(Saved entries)
::::::::

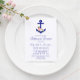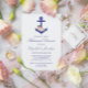 Ancrage nautique bleu conçu avec des fleurs de ranunculus roses et blanches avec une végétation d'eucalyptus pour un événement d'été
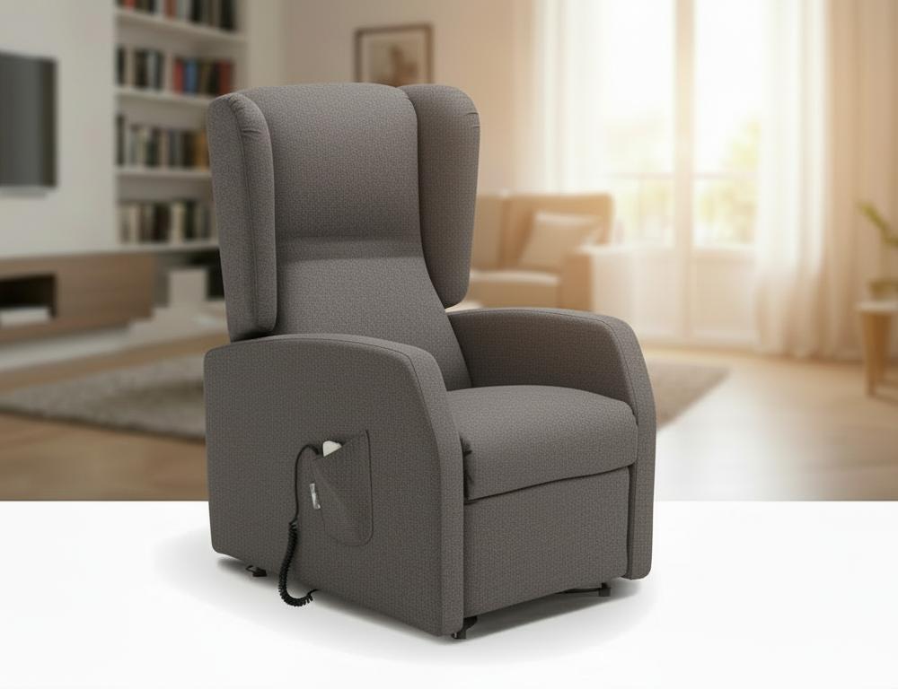 Completa di due motori che consentono movimenti indipendenti di schienale e poggiapiedi, per una perfetta regolazione del confort di seduta. Completa di movimento Lift alzapersona. Parzialmente sfoderabile.
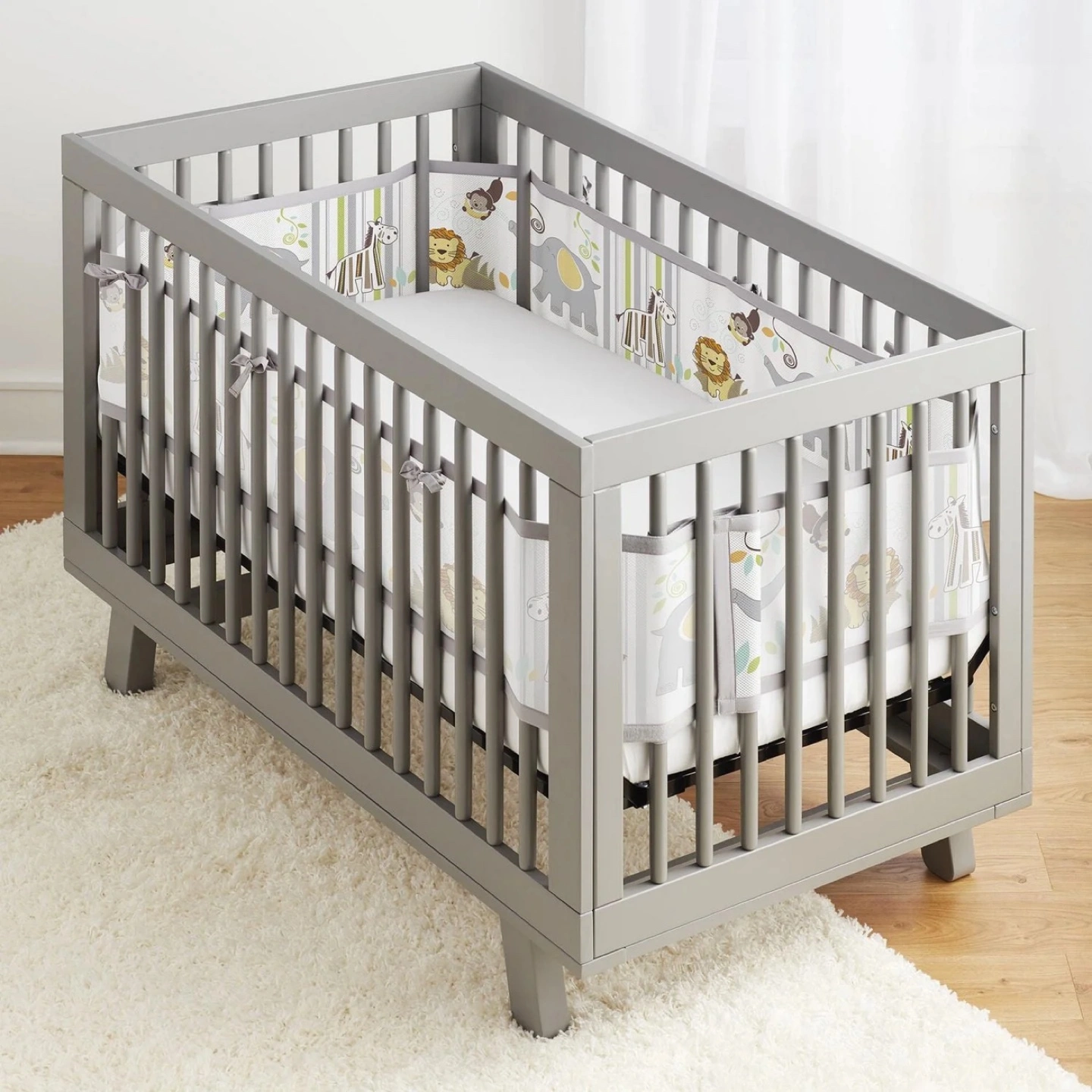 Keep your little one safe and comfy with this BreathableBaby crib liner! It's designed to fit full-size cribs and covers either 3 or 4 sides. The liner is grey and features a cute animal print with elephants, zebras, and lions. Perfect for creating a cozy and breathable sleep environment for your baby Classic 3mm Mesh – A.C.T. Air Channel Technology allows unrestricted airflow; 85% light-blocking. 100% polyester, machine washable. Fits Full-Size Cribs – For 52" x 28" (132 x 71 cm) mattress. Long panel (11" x 111") and short panel (11" x 82") cover 3 or 4 sides. Not for mini cribs or solid-end cribs. Safety Tested & Trusted – The original breathable liner, millions sold since 2002. ASTM F1917 compliant. No flame retardants or formaldehyde. Protects Baby – Keeps little arms and legs safely inside the crib without blocking airflow. Safer alternative to padded bumpers (banned in the US in 2022). Easy to Install – Hook-and-loop fasteners for a secure fit; trim tucks below mattress edge. 📍 Pickup in Scarborough 🚗 Local delivery available for a small fee.
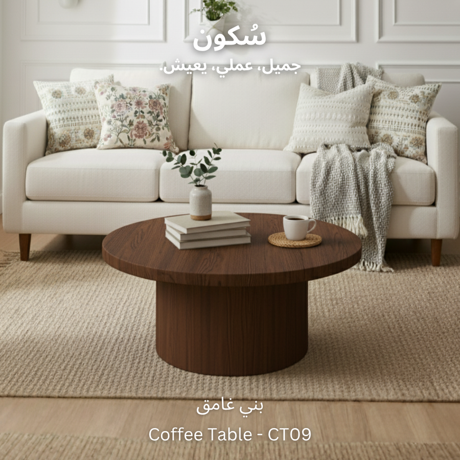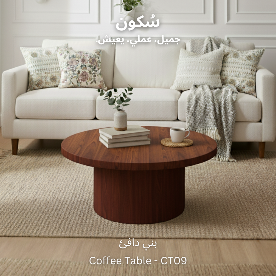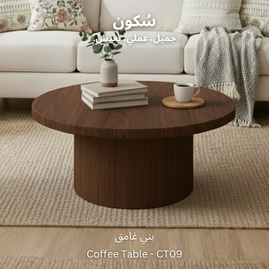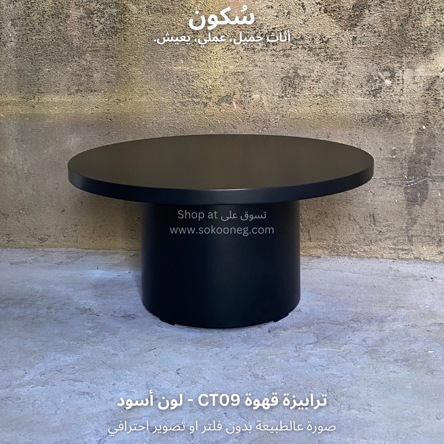 ترابيزة قهوة دائرية بتصميم أنيق مع قاعدة دائرية، تضفي لمسة من الانسيابية والجمال على المساحة.
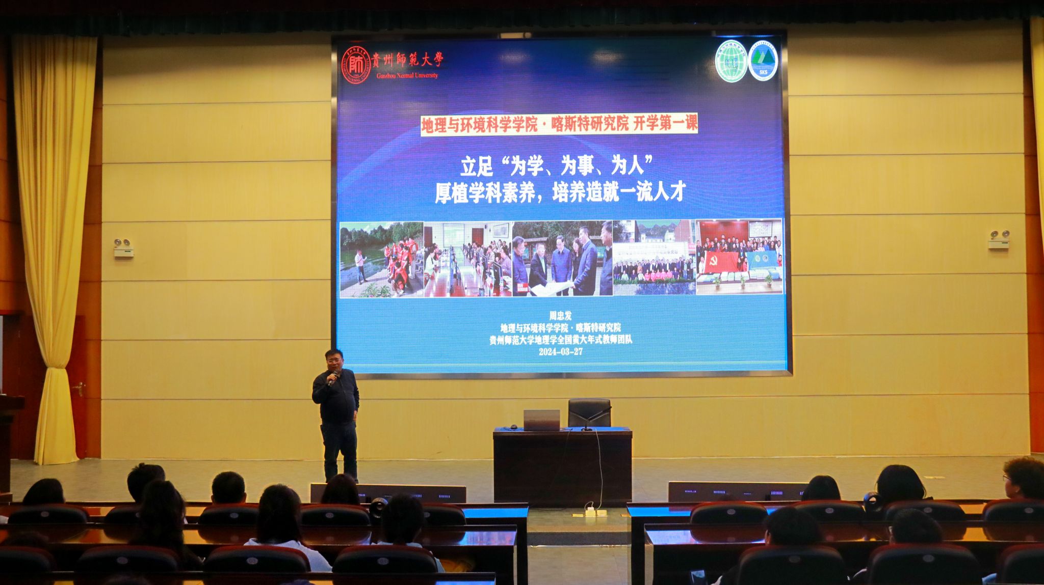 3月27日晚,院党委副书记、院长周忠发以《立足“为学、为事、为人”厚植学科素养,培养造就一流人才》为题,在花溪东校区会议中心一楼学术报告厅为必赢本科生讲授“开学第一课”。
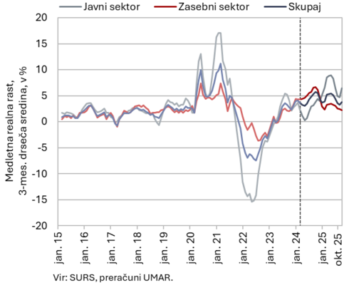 Medletna nominalna rast povprečne bruto plače je bila oktobra (7,7 %) višja kot v predhodnih mesecih, kar je predvsem posledica okrepljene rasti v javnem sektorju. V slednjem je bila oktobra nominalna plača medletno višja za 12,1 %. Okrepitev v primerjavi s predhodnimi meseci je posledica izplačila drugega obroka dogovorjenega zvišanja osnovnih plač. Tudi v zasebnem sektorju ostaja rast, ob precejšnjem pomanjkanju delovne sile, razmeroma visoka (5,2 %).
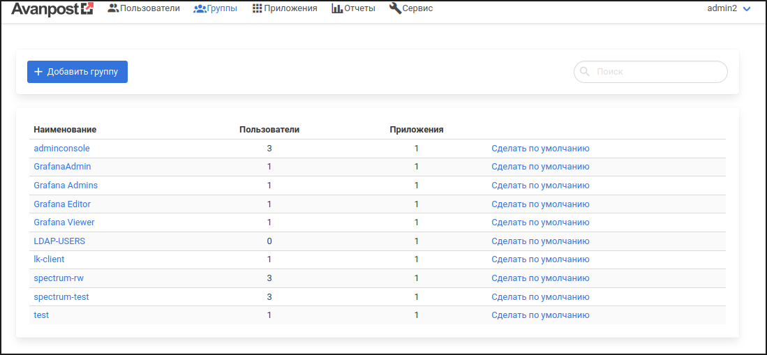 | Пользовательский интерфейс консоли администратора Avanpost может отличаться от приведенного в данном руководстве. |
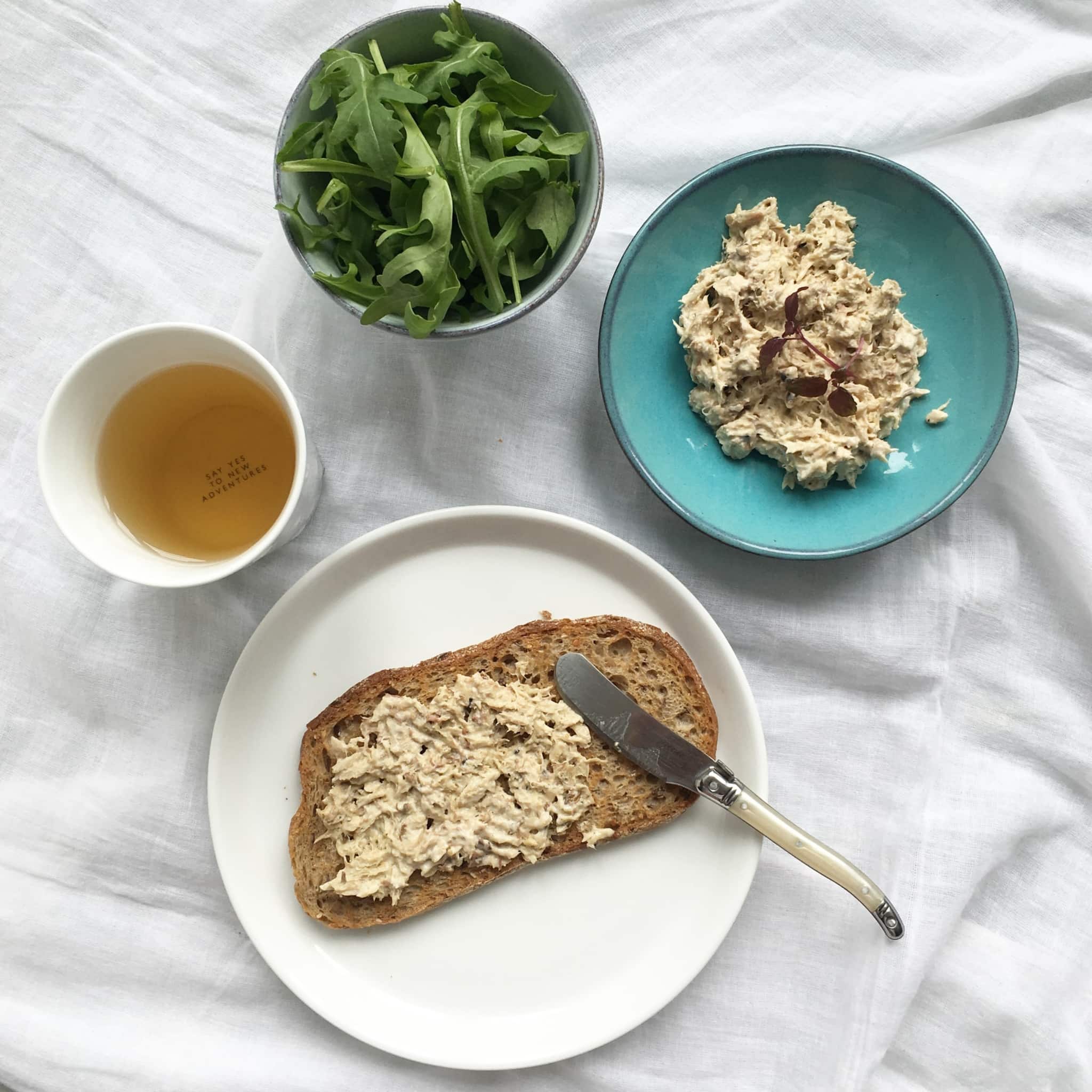 Toen ik deze blikjes makreel kreeg, moest ik gelijk denken aan een van mijn favo’s die ik bestel als we naar het Vlaamsch Broodhuys gaan om te lunchen. Eigenlijk ben ik wat dat betreft best een beetje saai en houd ik het altijd bij mijn mandje met brood, rilette van makreel en een heerlijke zuurzak sap. YUMMie.
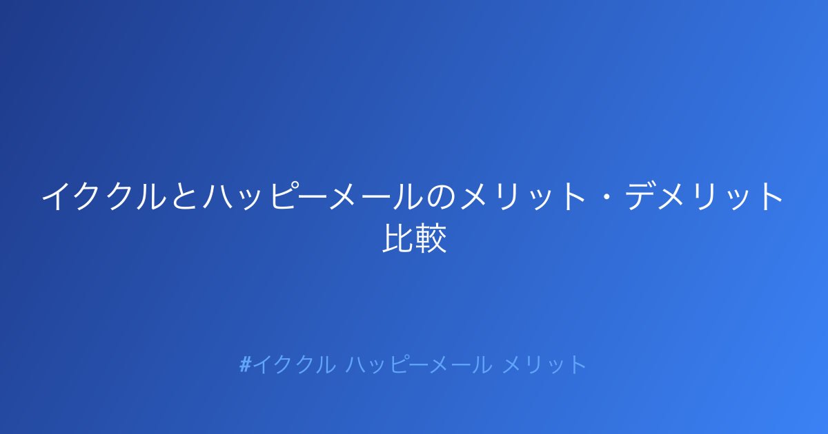 ✅ イククル ハッピーメール メリットについて、効果的な活用方法や成功のコツを解説します。

::::::::

PROBLEM STATEMENT:
The reply should hold the lines from the top of the records through the line containing "Keep your little", reproduced exactly, and no pictures.

ANSWER AREA:
 Ancrage nautique bleu conçu avec des fleurs de ranunculus roses et blanches avec une végétation d'eucalyptus pour un événement d'été
 Completa di due motori che consentono movimenti indipendenti di schienale e poggiapiedi, per una perfetta regolazione del confort di seduta. Completa di movimento Lift alzapersona. Parzialmente sfoderabile.
 Keep your little one safe and comfy with this BreathableBaby crib liner! It's designed to fit full-size cribs and covers either 3 or 4 sides. The liner is grey and features a cute animal print with elephants, zebras, and lions. Perfect for creating a cozy and breathable sleep environment for your baby Classic 3mm Mesh – A.C.T. Air Channel Technology allows unrestricted airflow; 85% light-blocking. 100% polyester, machine washable. Fits Full-Size Cribs – For 52" x 28" (132 x 71 cm) mattress. Long panel (11" x 111") and short panel (11" x 82") cover 3 or 4 sides. Not for mini cribs or solid-end cribs. Safety Tested & Trusted – The original breathable liner, millions sold since 2002. ASTM F1917 compliant. No flame retardants or formaldehyde. Protects Baby – Keeps little arms and legs safely inside the crib without blocking airflow. Safer alternative to padded bumpers (banned in the US in 2022). Easy to Install – Hook-and-loop fasteners for a secure fit; trim tucks below mattress edge. 📍 Pickup in Scarborough 🚗 Local delivery available for a small fee.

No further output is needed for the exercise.